TASK DETAILS —
From the listing below, retype exactly the line holding "Obecnie trwają poszukiwania", the line holding "W ostatnich latach", and the lines between them; skip everything else.

RECORDS FOR THE EXERCISE —

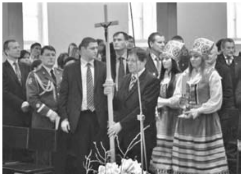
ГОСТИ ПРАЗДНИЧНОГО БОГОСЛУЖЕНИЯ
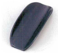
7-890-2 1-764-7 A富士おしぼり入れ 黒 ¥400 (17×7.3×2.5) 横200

--

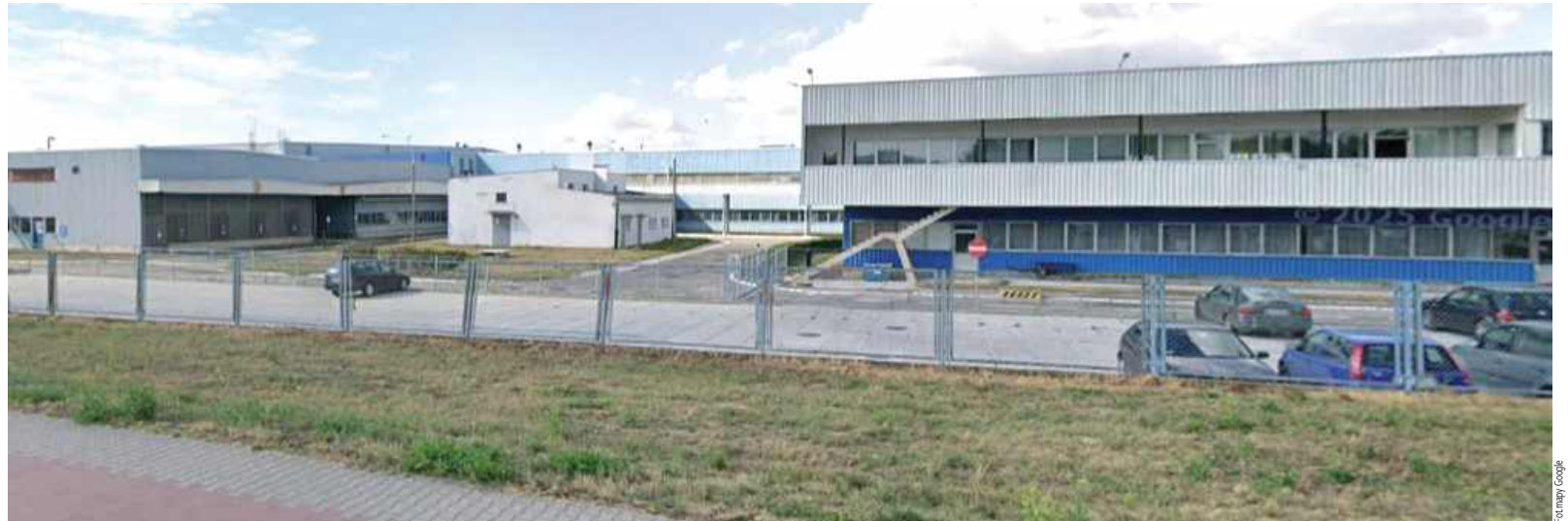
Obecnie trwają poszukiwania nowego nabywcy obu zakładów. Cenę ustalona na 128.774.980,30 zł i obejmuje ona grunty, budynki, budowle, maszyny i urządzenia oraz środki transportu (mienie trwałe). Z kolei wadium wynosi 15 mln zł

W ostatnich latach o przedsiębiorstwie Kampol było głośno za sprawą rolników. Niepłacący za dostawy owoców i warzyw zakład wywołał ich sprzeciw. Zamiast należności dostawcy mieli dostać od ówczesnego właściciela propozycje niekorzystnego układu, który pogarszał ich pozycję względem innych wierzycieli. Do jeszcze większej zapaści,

ANSWER BOX —
Obecnie trwają poszukiwania nowego nabywcy obu zakładów. Cenę ustalona na 128.774.980,30 zł i obejmuje ona grunty, budynki, budowle, maszyny i urządzenia oraz środki transportu (mienie trwałe). Z kolei wadium wynosi 15 mln zł

W ostatnich latach o przedsiębiorstwie Kampol było głośno za sprawą rolników. Niepłacący za dostawy owoców i warzyw zakład wywołał ich sprzeciw. Zamiast należności dostawcy mieli dostać od ówczesnego właściciela propozycje niekorzystnego układu, który pogarszał ich pozycję względem innych wierzycieli. Do jeszcze większej zapaści,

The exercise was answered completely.